Притворяться-то я притворяюсь, а в душе… о-о-о, в душе у меня полыхает огонь и черти хороводы водят. Однако в этом году всё изменится, так я решила. Потому что Боря перешёл в одиннадцатый класс, а значит, у меня в запасе только год, даже не год, а всего лишь десять месяцев минус каникулы и выходные. Потом он, конечно же, уедет: или поступать — потому что в нашем Адмире учат только на швей, маникюрш и парикмахеров, или в армию уйдёт, долг Отчизне отдавать. А я останусь здесь, страдать в разлуке. Разумеется, я в любом случае останусь, но если вдруг у нас завяжутся отношения — это будет совсем другое дело! Мы сможем писать друг другу письма, иногда созваниваться… и вообще, тосковать вдвоём гораздо приятнее, чем в одиночку. Я и так эти два с половиной месяца без него еле вытерпела.

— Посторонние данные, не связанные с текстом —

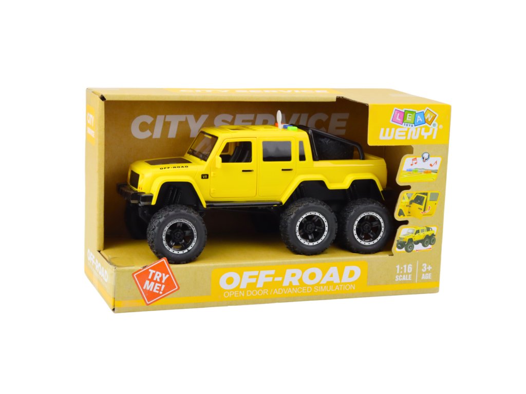Terénní auto setrvačný pohon světla zvuky žluté 6x6 1:16

Особенно мучительными были последние дни августа. Тянулись невыносимо долго. Время как застыло. Я уж не знала, куда себя деть: дважды встречалась со Светкой — лучшей подругой, раз — совершила пеший поход в Химки, в надежде встретиться с Борей там (зря надеялась), ну и читала, конечно, хотя и чтение не спасало от тоски. И всё.
От нечего делать я даже окна во всей квартире перемыла по собственной инициативе. Кстати, пока мыла кухонное — оно выходит во двор — наблюдала за каким-то дядькой. Он как раз в наш дом переезжал, только в соседний подъезд. Дядька весь из себя важный, в светлых брюках, в светлом пиджаке, при галстуке. То и дело обтирал лысину платочком и командовал на весь двор противным голосом. А то и вовсе грубо орал и даже матерился на парней, которые разгружали огромную фуру. Трясся за свой скарб.
— Сервиз! Здесь французский сервиз, болван! Осторожнее! — визжал он.
Мебель у него тоже была какая-то необыкновенная, так что он бедолаг чуть не прибил. Шмоточник какой-то.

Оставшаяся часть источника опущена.